DDM4IP closely approaches non-blind methods with known kernels on deblurring (PSNR gap of only 0.7 dB), while substantially outperforming single-image blind methods (by 3–4 dB), validating the effectiveness of distribution matching for forward model learning.
On blind super-resolution, performance is competitive with state-of-the-art supervised methods (gap of 0.2 dB), demonstrating the generalizability of the framework.
Kernel regularization has a significant impact on performance (removing it causes a 1.7 dB PSNR drop), confirming that physical prior constraints are essential for recovering a correct degradation kernel from distribution matching.
The real-world parking lot lens calibration experiment is a notable highlight: whereas conventional methods require specialized equipment, DDM4IP estimates spatially-varying PSFs from a small set of unpaired photographs, demonstrating strong practical applicability.
The auxiliary flow model serves as the critical bridge for distribution matching—removing it causes a 3.1 dB performance drop, indicating that directly imposing distributional constraints on the forward model alone is insufficient.

Highlights & Insights¶

Distribution matching as a replacement for paired learning is the central innovation: data requirements for inverse problems are reduced from paired samples to unpaired distributions, substantially extending the applicability of diffusion models to real-world image restoration. This principle transfers naturally to any task requiring learning of unknown degradations or transformations (e.g., domain adaptation, style transfer).
The three-stage decoupled design is elegant: pretrain flow model → learn forward model via distribution matching → restore via standard solver.
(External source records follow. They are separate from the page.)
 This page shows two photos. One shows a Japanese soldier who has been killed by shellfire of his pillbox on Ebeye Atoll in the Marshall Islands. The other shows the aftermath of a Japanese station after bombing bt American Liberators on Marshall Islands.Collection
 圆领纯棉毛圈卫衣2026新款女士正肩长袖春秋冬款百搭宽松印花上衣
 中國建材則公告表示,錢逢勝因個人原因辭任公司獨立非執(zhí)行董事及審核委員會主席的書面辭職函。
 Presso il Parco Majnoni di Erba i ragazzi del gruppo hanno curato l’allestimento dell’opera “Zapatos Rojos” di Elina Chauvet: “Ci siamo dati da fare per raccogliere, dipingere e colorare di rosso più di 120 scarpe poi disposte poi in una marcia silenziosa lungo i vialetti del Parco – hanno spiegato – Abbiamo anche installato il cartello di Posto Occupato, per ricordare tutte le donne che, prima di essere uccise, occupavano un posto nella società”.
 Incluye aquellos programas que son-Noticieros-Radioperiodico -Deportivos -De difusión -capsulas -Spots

Each stage is independently replaceable; for instance, Stage 3 can seamlessly incorporate future, more powerful inverse problem solvers.
The insight that velocity field matching implies distribution matching is particularly profound: two flow models whose velocity fields agree model identical distributions, providing a differentiable and tractable surrogate loss for distribution matching.
The method operates with approximately 100 clean images and 1,000 degraded images, exhibiting high data efficiency.
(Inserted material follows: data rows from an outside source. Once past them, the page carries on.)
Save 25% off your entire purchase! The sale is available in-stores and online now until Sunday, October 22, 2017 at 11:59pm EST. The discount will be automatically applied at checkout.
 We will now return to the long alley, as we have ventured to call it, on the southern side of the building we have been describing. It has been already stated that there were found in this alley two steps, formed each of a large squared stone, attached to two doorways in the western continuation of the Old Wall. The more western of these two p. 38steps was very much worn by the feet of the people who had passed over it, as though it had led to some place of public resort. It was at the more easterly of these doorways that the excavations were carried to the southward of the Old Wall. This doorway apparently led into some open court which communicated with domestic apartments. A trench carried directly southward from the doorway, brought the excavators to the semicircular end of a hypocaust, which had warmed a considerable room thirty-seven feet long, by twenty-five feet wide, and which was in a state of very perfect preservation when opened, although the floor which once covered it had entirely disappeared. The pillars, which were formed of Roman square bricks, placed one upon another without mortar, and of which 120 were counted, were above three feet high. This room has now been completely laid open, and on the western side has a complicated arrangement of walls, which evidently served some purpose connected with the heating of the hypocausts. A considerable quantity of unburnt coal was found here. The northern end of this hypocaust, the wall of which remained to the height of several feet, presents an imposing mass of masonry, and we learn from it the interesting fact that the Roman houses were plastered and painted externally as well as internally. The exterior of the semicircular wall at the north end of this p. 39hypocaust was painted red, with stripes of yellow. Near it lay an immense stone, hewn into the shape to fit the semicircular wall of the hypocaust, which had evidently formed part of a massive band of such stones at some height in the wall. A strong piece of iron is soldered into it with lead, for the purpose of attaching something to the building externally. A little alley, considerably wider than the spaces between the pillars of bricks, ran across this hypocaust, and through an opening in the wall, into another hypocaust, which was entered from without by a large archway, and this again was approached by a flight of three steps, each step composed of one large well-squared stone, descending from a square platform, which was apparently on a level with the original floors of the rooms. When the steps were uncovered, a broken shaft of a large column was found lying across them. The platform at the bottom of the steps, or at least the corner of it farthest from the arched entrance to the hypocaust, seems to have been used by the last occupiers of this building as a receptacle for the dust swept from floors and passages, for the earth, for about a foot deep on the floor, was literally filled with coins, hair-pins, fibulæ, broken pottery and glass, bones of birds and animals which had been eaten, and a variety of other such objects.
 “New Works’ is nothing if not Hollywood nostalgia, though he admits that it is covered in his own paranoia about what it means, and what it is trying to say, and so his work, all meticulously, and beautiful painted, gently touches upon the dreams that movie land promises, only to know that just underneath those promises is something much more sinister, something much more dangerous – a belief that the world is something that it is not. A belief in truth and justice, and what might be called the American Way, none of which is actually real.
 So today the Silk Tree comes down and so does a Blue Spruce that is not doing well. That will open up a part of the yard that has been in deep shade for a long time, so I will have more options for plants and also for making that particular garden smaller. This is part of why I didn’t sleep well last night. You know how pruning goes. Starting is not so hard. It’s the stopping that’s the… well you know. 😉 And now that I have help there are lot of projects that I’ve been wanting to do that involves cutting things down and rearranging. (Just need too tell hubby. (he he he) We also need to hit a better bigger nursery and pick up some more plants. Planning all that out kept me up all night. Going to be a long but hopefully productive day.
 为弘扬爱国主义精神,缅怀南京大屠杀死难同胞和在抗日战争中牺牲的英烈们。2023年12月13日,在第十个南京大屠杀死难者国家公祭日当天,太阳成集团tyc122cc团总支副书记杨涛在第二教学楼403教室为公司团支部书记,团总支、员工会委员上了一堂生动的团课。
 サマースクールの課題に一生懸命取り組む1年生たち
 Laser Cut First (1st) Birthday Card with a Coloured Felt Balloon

Limitations & Future Work¶

The three-stage pipeline is relatively complex, resulting in substantial total training time—Stage 1 requires approximately 4.2 million iterations on FFHQ, with Stage 2 adding a further 1 million iterations.
The forward model is currently limited to convolution-kernel-based degradations (blur, downsampling); more complex degradations (e.g., JPEG compression, weather corruption) require different parameterizations.
The Stage 3 solvers (GSPnP, DPS, etc.) have slow inference speeds, limiting real-time applicability.
The non-uniform PSF experiment fixes the grid size at 8×8; finer spatial variations may require adjustments to this resolution.
Experiments are conducted primarily on face (FFHQ) and natural image (DIV2K) datasets; performance on specialized domains such as medical imaging has not been validated.
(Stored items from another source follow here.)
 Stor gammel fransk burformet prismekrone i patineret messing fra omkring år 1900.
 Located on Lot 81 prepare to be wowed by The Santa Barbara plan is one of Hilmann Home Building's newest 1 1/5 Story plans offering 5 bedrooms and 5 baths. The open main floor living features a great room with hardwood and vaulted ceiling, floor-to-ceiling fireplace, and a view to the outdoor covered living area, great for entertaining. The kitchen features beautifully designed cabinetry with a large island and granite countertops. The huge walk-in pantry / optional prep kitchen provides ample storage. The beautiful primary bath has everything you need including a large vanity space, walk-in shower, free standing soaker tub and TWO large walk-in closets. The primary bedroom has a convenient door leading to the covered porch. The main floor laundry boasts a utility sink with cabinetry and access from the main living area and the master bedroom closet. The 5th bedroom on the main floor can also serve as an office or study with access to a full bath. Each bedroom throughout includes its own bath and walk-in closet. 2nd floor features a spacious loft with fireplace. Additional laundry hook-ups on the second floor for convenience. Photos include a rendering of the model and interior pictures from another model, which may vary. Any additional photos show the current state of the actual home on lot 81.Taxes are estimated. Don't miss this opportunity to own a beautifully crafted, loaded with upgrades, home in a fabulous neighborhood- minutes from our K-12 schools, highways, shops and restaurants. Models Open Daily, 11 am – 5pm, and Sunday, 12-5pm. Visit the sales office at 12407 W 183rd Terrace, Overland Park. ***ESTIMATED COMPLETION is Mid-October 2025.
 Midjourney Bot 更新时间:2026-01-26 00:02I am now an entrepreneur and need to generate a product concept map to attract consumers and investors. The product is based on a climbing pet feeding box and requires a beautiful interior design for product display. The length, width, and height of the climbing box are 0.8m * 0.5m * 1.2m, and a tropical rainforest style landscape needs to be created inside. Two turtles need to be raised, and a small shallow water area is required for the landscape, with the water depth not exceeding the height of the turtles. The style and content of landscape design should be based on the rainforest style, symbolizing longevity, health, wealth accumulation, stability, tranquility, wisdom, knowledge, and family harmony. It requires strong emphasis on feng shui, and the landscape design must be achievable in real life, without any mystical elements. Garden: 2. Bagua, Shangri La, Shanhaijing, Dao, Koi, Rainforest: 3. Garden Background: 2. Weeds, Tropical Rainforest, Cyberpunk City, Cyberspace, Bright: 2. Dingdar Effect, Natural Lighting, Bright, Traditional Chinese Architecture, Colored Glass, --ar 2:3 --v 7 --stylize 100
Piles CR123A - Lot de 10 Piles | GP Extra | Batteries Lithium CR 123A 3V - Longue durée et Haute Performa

vs. DPS/DiffPIR: These methods require a known forward model; the core contribution of DDM4IP is relaxing this assumption to an unknown model that is first learned and then applied. The learned forward model can be directly fed into DPS/DiffPIR.
vs. BlindDPS/GibbsDDRM: These blind methods jointly estimate the forward model and restored image from a single image, and are limited by insufficient single-image information, resulting in notably lower quality compared to DDM4IP's distribution-level approach.
vs. CycleDiffusion/Unpaired IR: Conventional unpaired methods typically rely on CycleGAN-style cycle consistency; the distribution matching mechanism in DDM4IP is more principled and stable.

Rating¶

Novelty: ⭐⭐⭐⭐⭐ — The idea of learning a forward model via distribution matching is original, natural, and elegant.
Experimental Thoroughness: ⭐⭐⭐⭐ — Covers deblurring, super-resolution, and real-world lens calibration, though validation across a broader range of degradation types is lacking.
Writing Quality: ⭐⭐⭐⭐ — Mathematical derivations are rigorous, the framework is described clearly, and code is publicly available.
Value: ⭐⭐⭐⭐⭐ — Unsupervised inverse problem solving has high practical value; the real-world lens calibration application is convincing.